Unnamed: 0,age,gender,chest_pain_type,resting_blood_pressure,cholesterol,fasting_blood_sugar,rest_ecg,max_heart_rate_achieved,exercise_induced_angina,st_depression,st_slope,num_major_vessels,thalassemia,target
0,63,1,3,145,233.0,1,0,150,0,2.3,0,0,1,1
1,37,1,2,130,250.0,0,1,187,0,3.5,0,0,2,1
2,41,0,1,130,204.0,0,0,172,0,1.4,2,0,2,1
3,56,1,1,120,236.0,0,1,178,0,0.8,2,0,2,1
4,57,0,0,120,354.0,0,1,163,1,0.6,2,0,2,1


# Step 3:  Reorder data set
The dataset appears to be orgainized in such a way that the patients that have heart disease are listed first, followed by the patients that do not have heart disease.  The dataframe was shuffled such that the heart disease target column was randomly ordered, as shown below.

In [3]:
dfReOrdered=df.sample(frac=1).reset_index(drop=True)
dfReOrdered.head()

Unnamed: 0,age,gender,chest_pain_type,resting_blood_pressure,cholesterol,fasting_blood_sugar,rest_ecg,max_heart_rate_achieved,exercise_induced_angina,st_depression,st_slope,num_major_vessels,thalassemia,target
0,42,1,2,130,180.0,0,1,150,0,0.0,2,0,2,1
1,58,0,1,136,319.0,1,0,152,0,0.0,2,2,2,0
2,68,1,2,180,274.0,1,0,150,1,1.6,1,0,3,0
3,62,0,0,138,294.0,1,1,106,0,1.9,1,3,2,0
4,47,1,2,108,243.0,0,1,152,0,0.0,2,0,2,0


# Step 4:  Seperate the predictor and response variables.
The response variable (i.e. what we are trying to predict) is the target column of the dataframe, and the predictor variables (i.e. variables used to predict) are the other columns of the dataframe. 

In [4]:
y=dfReOrdered.target
print(y[:5])
x=dfReOrdered.drop('target',axis=1)
x.head()

0    1
1    0
2    0
3    0
4    0
Name: target, dtype: int64


Unnamed: 0,age,gender,chest_pain_type,resting_blood_pressure,cholesterol,fasting_blood_sugar,rest_ecg,max_heart_rate_achieved,exercise_induced_angina,st_depression,st_slope,num_major_vessels,thalassemia
0,42,1,2,130,180.0,0,1,150,0,0.0,2,0,2
1,58,0,1,136,319.0,1,0,152,0,0.0,2,2,2
2,68,1,2,180,274.0,1,0,150,1,1.6,1,0,3
3,62,0,0,138,294.0,1,1,106,0,1.9,1,3,2
4,47,1,2,108,243.0,0,1,152,0,0.0,2,0,2


# Step 5:  Seperate the dataset into training and test groups, and standardize the x-dataframe

The training and test groups were selected using the train_test_split function in the sklearn model_selection tool box.  Note, a validation group was not selected for this analysis, as there was a limited amount of data and when GridSearchCV was implemented in Step 7 of this effort a cross-validation technique was implemented for hyperparameter tuning.

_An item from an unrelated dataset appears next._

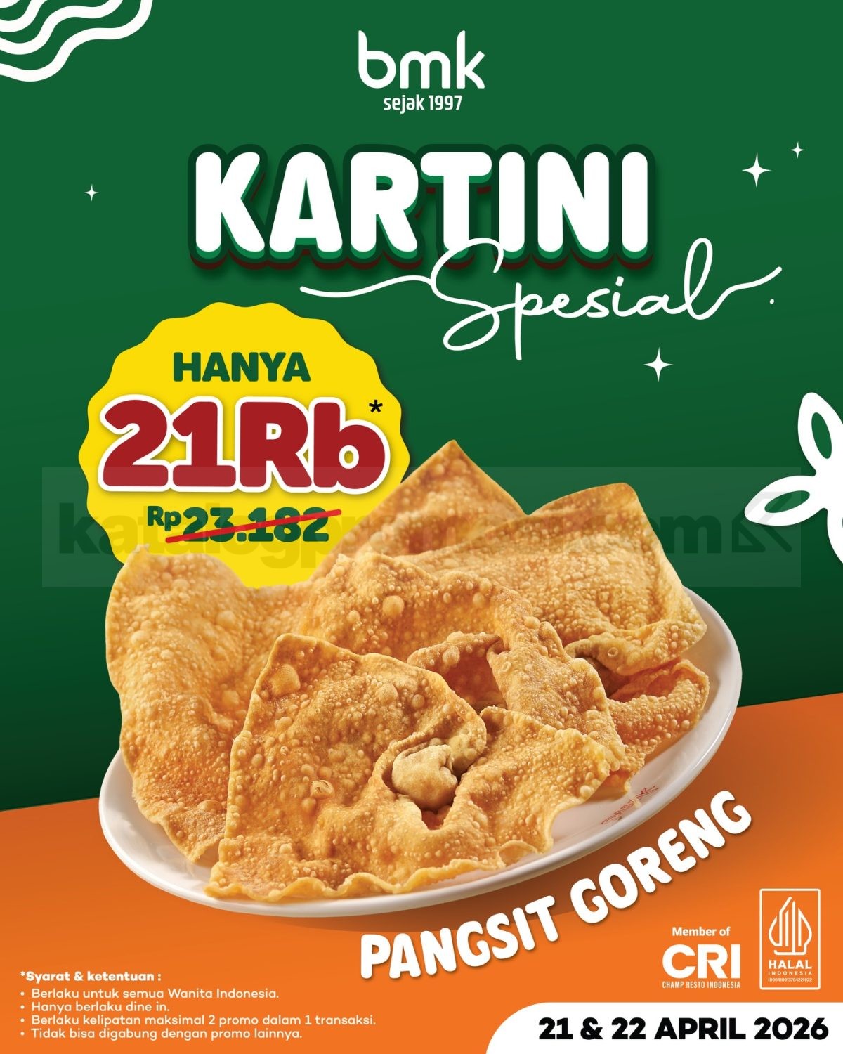 Promo Baso Malang Karapitan Hari Kartini Pangsit Goreng Rp.21.000 berlaku selama periode Hari Kartini sesuai ketentuan program di outlet Baso Malang Karapitan khusus transaksi dine-in untuk pelanggan wanita Indonesia.
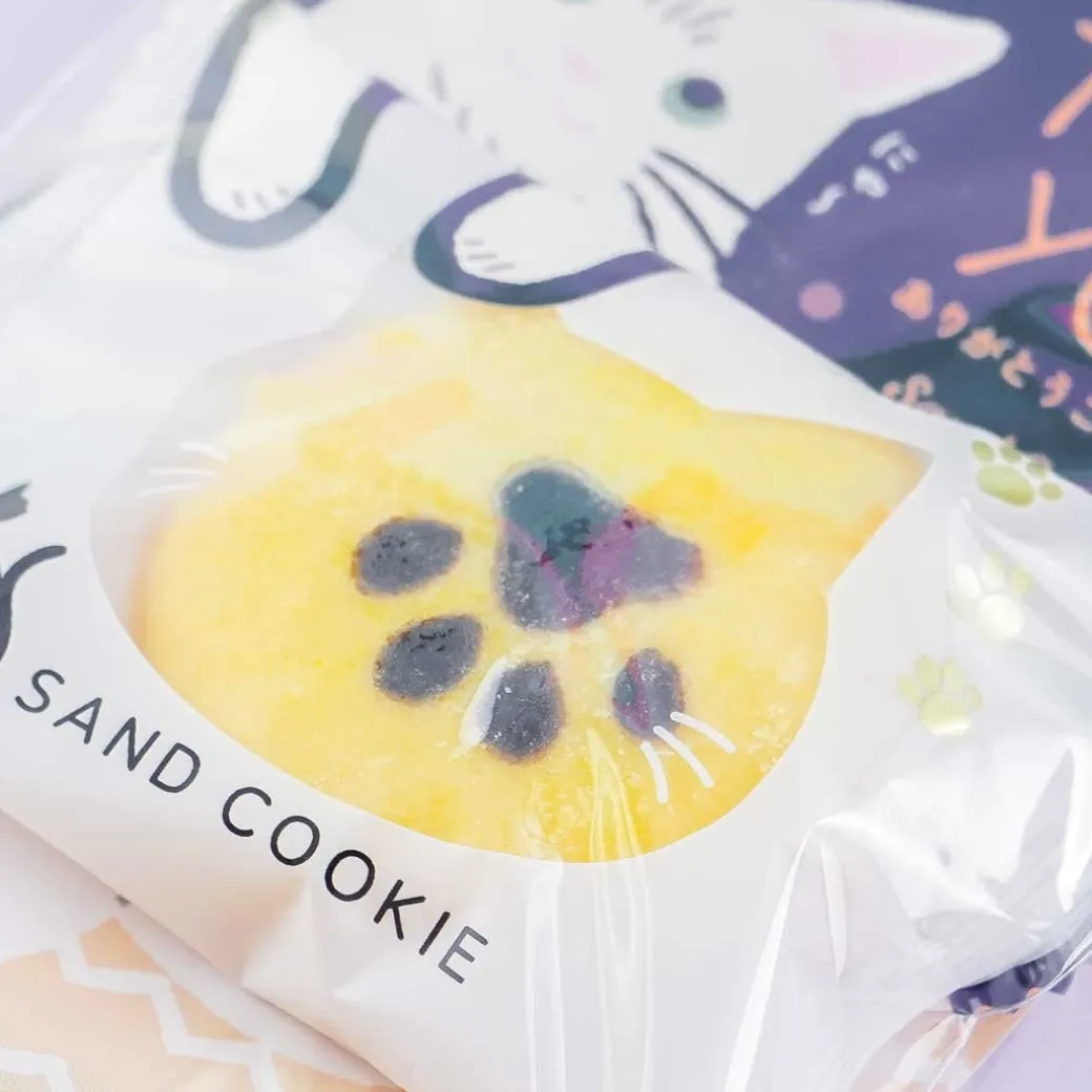 - A cream-centered cookie sandwich in packaging decorated with a cat saying thank you

The min-max scaler from the sklearn pre-processing toolbox was selected for feature standardization.  This was selected over the standard normal standardization as not all features appeared to be normally distributed when visually inspected.

In [5]:
xtrain,xtest,ytrain,ytest=train_test_split(x,y)

scaler=MinMaxScaler().fit(xtrain)
xtrainScaled=scaler.transform(xtrain) 
xtestScaled=scaler.transform(xtest) 

  return self.partial_fit(X, y)


# Step 6:  Evaluate commonly used binary classifiers
Several commonly used binary classifiers were evaluated with default parameters to determine which predictive model may require the least amount of tuning to achieve the most accurate heart disease predictive model.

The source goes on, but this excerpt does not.